Stored dataset items:
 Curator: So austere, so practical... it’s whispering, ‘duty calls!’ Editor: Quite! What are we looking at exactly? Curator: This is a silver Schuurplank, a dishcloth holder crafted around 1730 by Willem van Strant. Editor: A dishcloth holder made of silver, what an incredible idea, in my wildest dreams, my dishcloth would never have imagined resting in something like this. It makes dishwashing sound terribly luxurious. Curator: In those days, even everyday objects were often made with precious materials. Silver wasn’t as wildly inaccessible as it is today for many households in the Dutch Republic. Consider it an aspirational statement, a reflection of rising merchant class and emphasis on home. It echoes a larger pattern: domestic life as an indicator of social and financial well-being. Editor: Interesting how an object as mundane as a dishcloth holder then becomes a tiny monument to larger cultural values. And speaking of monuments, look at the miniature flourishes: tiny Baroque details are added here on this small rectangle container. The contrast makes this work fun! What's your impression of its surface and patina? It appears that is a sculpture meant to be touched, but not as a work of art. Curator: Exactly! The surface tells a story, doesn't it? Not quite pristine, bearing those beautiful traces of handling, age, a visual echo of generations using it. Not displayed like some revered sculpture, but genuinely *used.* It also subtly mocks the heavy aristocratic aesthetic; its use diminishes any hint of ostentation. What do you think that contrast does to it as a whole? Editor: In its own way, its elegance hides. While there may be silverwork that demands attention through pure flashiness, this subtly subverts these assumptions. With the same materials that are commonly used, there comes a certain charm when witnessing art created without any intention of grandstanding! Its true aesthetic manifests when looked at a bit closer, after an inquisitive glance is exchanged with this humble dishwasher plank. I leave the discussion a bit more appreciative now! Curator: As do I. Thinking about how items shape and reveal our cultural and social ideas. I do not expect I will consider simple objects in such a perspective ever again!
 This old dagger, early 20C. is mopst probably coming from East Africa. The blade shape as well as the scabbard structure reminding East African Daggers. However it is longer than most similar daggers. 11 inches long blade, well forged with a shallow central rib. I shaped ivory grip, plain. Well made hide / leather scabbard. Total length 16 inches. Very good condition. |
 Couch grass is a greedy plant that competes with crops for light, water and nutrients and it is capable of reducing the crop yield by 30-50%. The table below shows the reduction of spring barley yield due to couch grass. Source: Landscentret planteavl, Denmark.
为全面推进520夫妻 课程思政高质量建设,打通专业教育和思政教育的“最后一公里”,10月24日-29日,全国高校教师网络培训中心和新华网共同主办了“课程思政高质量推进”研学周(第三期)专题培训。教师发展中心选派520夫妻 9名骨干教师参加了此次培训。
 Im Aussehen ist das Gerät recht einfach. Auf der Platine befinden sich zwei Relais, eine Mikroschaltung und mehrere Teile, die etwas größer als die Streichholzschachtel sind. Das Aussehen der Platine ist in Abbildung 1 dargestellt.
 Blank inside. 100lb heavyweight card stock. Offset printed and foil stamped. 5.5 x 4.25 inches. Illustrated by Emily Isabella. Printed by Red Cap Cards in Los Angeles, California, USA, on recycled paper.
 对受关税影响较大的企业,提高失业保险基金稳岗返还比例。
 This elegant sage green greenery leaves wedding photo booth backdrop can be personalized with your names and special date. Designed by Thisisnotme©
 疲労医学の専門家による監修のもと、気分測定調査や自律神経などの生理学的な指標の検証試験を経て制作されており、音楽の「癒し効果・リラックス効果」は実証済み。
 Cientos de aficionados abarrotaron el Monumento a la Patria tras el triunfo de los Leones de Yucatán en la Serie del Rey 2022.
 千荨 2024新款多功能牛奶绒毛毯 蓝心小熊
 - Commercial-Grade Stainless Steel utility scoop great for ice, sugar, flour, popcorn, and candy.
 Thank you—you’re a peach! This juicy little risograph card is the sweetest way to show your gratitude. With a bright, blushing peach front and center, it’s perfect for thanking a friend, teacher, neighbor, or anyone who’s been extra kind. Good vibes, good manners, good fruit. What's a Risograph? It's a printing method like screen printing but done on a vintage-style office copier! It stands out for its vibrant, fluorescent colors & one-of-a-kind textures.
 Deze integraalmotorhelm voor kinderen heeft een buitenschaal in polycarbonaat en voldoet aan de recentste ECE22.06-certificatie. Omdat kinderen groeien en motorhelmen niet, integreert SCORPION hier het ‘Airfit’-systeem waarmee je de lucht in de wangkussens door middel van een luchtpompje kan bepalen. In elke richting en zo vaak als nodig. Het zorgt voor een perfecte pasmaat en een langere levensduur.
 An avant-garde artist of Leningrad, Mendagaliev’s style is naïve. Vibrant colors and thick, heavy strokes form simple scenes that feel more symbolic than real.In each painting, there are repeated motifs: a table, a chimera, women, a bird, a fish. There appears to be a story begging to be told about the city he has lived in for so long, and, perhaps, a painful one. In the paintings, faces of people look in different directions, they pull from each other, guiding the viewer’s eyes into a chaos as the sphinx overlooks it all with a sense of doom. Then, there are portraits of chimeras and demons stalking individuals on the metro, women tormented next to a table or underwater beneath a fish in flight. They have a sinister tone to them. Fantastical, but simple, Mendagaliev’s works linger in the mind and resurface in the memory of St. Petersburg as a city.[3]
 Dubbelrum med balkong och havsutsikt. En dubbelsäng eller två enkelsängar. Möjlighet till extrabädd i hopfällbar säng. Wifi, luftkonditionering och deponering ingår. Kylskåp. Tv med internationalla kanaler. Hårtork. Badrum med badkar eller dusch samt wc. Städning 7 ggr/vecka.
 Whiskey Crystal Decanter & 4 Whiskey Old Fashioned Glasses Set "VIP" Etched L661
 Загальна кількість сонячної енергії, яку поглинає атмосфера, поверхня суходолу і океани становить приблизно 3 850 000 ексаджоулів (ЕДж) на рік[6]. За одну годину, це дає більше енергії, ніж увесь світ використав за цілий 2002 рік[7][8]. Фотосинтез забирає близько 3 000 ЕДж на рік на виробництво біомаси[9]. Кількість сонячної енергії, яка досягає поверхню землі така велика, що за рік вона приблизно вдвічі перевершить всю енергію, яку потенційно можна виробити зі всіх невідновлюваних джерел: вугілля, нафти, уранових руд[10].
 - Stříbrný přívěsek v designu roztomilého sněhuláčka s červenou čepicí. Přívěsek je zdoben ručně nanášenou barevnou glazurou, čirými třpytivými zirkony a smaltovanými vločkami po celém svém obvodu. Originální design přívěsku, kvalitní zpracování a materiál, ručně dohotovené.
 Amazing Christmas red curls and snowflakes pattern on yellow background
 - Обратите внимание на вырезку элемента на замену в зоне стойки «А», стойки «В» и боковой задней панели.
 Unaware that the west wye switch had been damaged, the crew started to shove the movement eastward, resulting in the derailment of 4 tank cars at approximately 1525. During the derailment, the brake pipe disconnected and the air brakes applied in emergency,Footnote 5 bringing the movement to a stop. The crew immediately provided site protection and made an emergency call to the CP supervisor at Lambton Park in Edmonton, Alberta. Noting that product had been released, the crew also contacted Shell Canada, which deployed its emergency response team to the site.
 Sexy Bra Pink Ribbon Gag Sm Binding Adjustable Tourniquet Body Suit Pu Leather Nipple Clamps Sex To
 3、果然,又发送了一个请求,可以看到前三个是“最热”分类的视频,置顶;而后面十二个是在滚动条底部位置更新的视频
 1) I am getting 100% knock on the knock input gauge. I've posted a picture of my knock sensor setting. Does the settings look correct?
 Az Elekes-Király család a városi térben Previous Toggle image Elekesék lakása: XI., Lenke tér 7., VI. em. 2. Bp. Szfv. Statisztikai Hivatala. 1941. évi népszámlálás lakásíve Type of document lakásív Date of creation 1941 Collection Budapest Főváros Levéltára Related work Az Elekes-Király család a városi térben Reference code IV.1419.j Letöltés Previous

## ACTIVITY
In the records above, find every line containing the word "card" and show it.

## FINISHED EXERCISE
 Blank inside. 100lb heavyweight card stock. Offset printed and foil stamped. 5.5 x 4.25 inches. Illustrated by Emily Isabella. Printed by Red Cap Cards in Los Angeles, California, USA, on recycled paper.
 Thank you—you’re a peach! This juicy little risograph card is the sweetest way to show your gratitude. With a bright, blushing peach front and center, it’s perfect for thanking a friend, teacher, neighbor, or anyone who’s been extra kind. Good vibes, good manners, good fruit. What's a Risograph? It's a printing method like screen printing but done on a vintage-style office copier! It stands out for its vibrant, fluorescent colors & one-of-a-kind textures.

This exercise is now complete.